HQ2 is arguably the nation's biggest jobs prize in a generation, pitting job-hungry states against one another in an Olympics-like chase for one of the world's most admired companies.
Seattle political and community observers say metro Atlanta and Georgia policymakers need to grapple with the fact that if HQ2 comes to Atlanta, it will not only create jobs that will potentially uplift generations of Georgians and cement the region as a global business capital, but HQ2 also risks putting unanticipated strains on the fabric of any winning community.

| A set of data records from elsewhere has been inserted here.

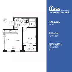 Продаётся 2-к квартира номер 255 общей площадью 45.5 кв.м. на 6-м этаже 14 этажного дома. Чистовая отделка.
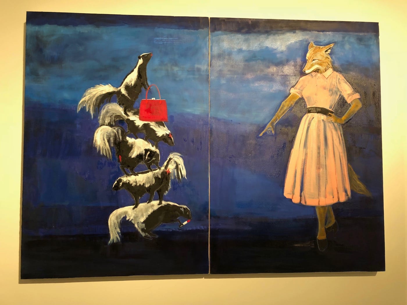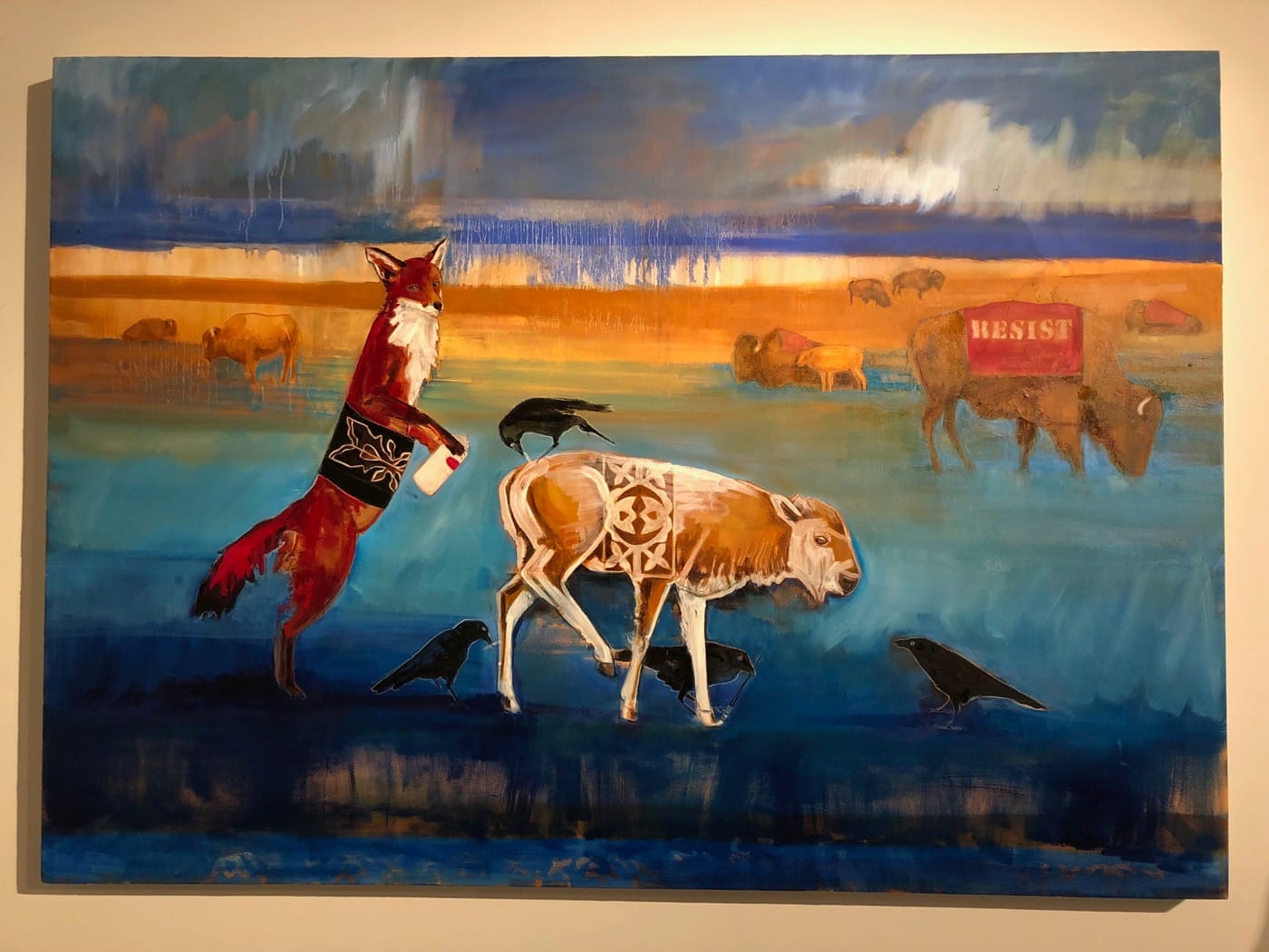 The exhibition includes an adjacent show that displays a number of paintings by a native artist who has similar interests — Eyes On: Julie Buffalohead. Julie Buffalohead is a citizen of the Ponca tribe of Oklahoma and uses animals key to Native American folklore — the coyote, the skunk, the buffalo, the fox — to comment on both Native and non-Native communities. Her work entitled “A Little Medicine and Magic” (2018) addresses the cultural expectations imposed on women: purses, lipstick, pink dresses, and other ideas of femininity are depicted. The skunks standing atop one another bear lipstick marks on them symbolizing the “honor marks” Ponca men may have tattooed on a young woman of their choice following distinguished honor in battle. Another, “White Buffalo Reborn” (2018) depicts a fox spray-painting a white buffalo, an animal sacred to many Indigenous tribes. A larger buffalo stands in the background, wearing a blanket that says “Resist.”
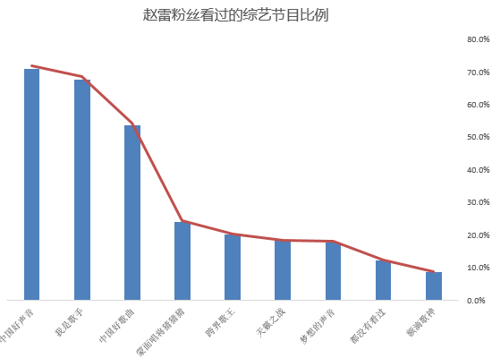 而赵雷粉丝看得最多的音乐综艺为《中国好声音》,其次为《我是歌手》,再次就是《中国好歌曲》。
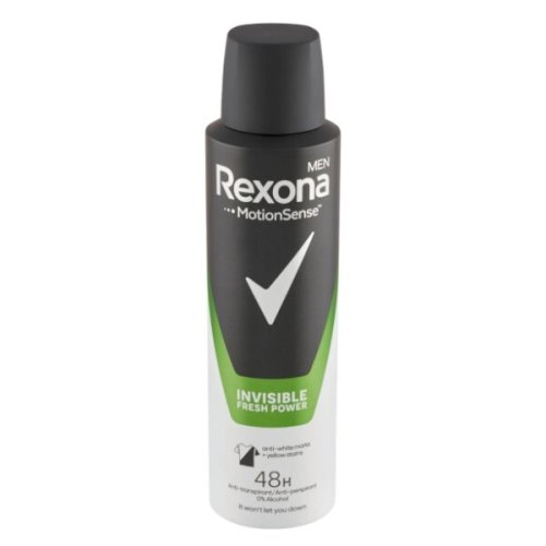 Tento antiperspirant pro muže spolehlivě bojuje proti žlutým skvrnám na bílém oblečení a bílým stopám na černém oblečení. Obsahuje technologii MotionsenseTM, která se postupně uvolňuje a zachová po celý den maximální pocit svěžesti. Rexona MEN antiperspirant sprej Invisible Fresh & Power je dermatologicky testovaný, poskytuje 48hodinovou ochranu proti pocení a zápachu a jeho složení neobsahuje alkohol.
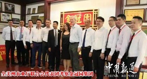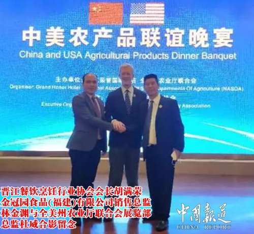 11月10日,全美州农业厅联合会考察团莅临金冠食品(福建)有限公司参观考察,在晋江商务局领导及晋江餐饮协会会长胡满荣,董事长吴文富等有关负责人陪同下,参观金冠园企业生产酱油、醋的发酵流程,天然晒场等,全美州农业厅联合会展览部总监杜威先生对“金冠园”牌酱油、醋是采用东北大豆结合闽南温和气候日晒夜露传统发酵酿造过程发表了高度的评价,并邀请晋江餐饮协会在政府领导组织下,带领餐饮考察团到美国参加2018年全美餐饮行业展盛会。
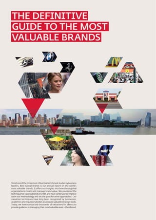 This document provides an overview of Interbrand's annual Best Global Brands report. It discusses how brands are facing a new paradigm in brand management due to changes in consumer behavior and expectations in the digital age. Customers now have more information at their fingertips and can publicly share their feedback, positive or negative, about brands in real time. The document argues that in this new landscape, brands must focus on building trust and loyalty by engaging with customers transparently and responding to their needs. It provides examples of how Coca-Cola, Ford, and Santander have adapted successfully to these challenges.
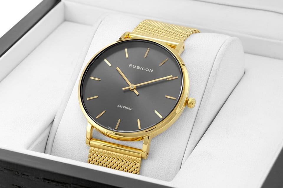 Zegarek Rubicon damski na bransolecie RNBD76 złoty/grafit z pudełkiem
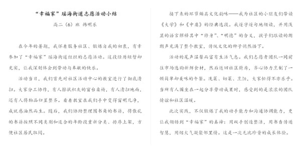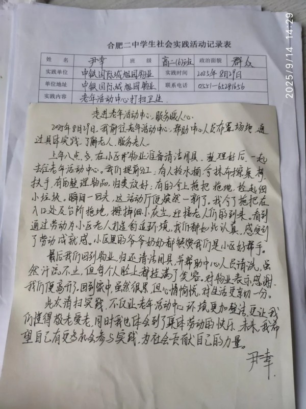 同学们还走出家庭,融入社会。韩明乐在瑶海区幸福家社会服务中心参与家庭读书会志愿服务;尹幸在中铁国际城小区老年活动中心打扫卫生;高欣悦在烟墩街道西杭社区参与公共设施安全巡查;周子煊在大杨镇草堂社区参加“学子传温情,敬老暖人心”关爱老人活动;李祺浩在包河区滨湖世纪社区看望独居老人;王仲宇在三里街街道凤阳一村社区参加庆祝八一建军节志愿服务……这些活动是新时代少年践行公益、担当责任的生动体现。
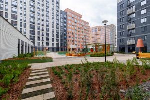 Во дворах установлены детские площадки для разных возрастов, воркаут-зоны, появятся зоны релакса и арт-объекты. Сквозные парадные с прозрачными входными группами обеспечивают естественное освещение и дополнительную безопасность, а для максимального комфорта в любое время года домофон установлен в теплом тамбуре. Парадные выполнены по индивидуальному дизайн-проекту, создавая комфорт с первой секунды. В каждой парадной предусмотрены колясочные и велосипедные с ограничением доступа.
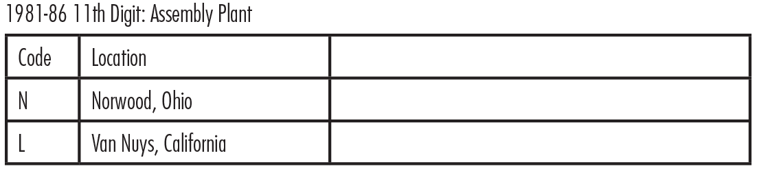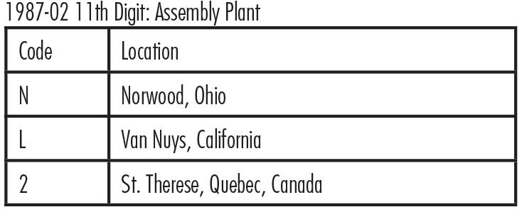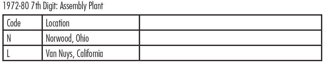 Production Plant: N=Norwood, Ohio, L=Van Nuys, California, 2=St. Therese, Quebec, Canada
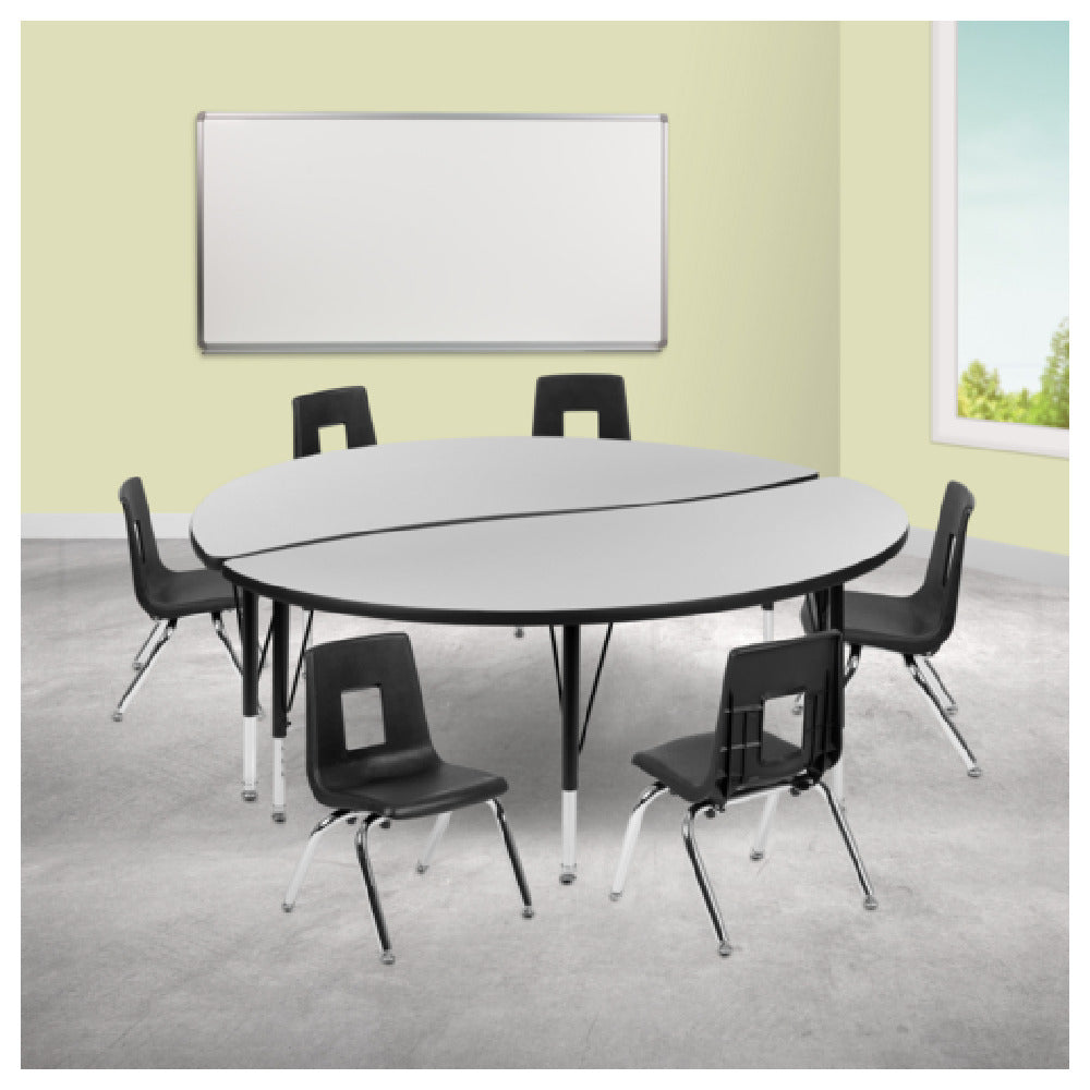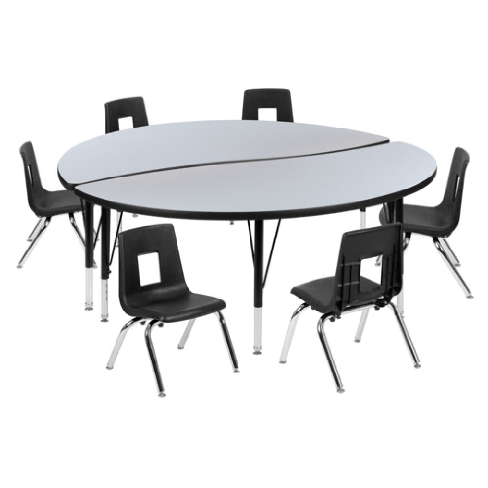 The Flash Furniture XU-GRP-12CH-A60-HCIRC-GY-T-P-GG Emmy Activity Table and Chair Set is a versatile and durable piece designed for educational and creative environments. At its core is a 60-inch diameter round table, which features a laminate top supported by sturdy 16-gauge tubular steel legs, ensuring exceptional stability and resilience. The table's height is adjustable from 16-1/4 inches to 25-1/4 inches, accommodating various age groups and activities. Complementing the table are six stackable chairs, each with a 12-inch seat height, crafted for comfort and easy storage. The chairs and table are finished in an elegant gray and black color scheme, with nickel chrome plating adding a touch of modern sophistication. Nylon floor glides on the table's legs protect flooring surfaces from scratches, making this set a practical choice for classrooms, daycare centers, and multi-purpose rooms. The Flash Furniture Emmy Activity Table and Chair Set provides a flexible and reliable solution for engaging group activities, tailored to meet the diverse needs of educational institutions and organizations seeking durable, high-quality furniture. Its thoughtful design promotes collaborative learning while ensuring a long-lasting investment in any educational setting.

Anticipating the strains, they say, and planning ahead in Atlanta could avoid some of Seattle’s problems and make an Amazon win even more of a victory.
Seattle nurtures a giant
For decades, Seattle not only crafted its own tech scene, but the region also served as Silicon Valley’s relief valve.
Cheaper housing, superb quality of life, schools like the University of Washington and a contagious can-do Pacific Northwest spirit combined to make Greater Seattle a low-cost rival to California. Entrepreneurs like Bezos flocked to this verdant slice of the Northwest for an ecosystem that nurtured Microsoft, Expedia and Amazon.
Greater Seattle also wooed such names as Adobe, Facebook and Google to plant outposts here.
Amazon’s need for HQ2 came about because Amazon senses that it is reaching the limits of what Seattle can do to meet its workforce needs.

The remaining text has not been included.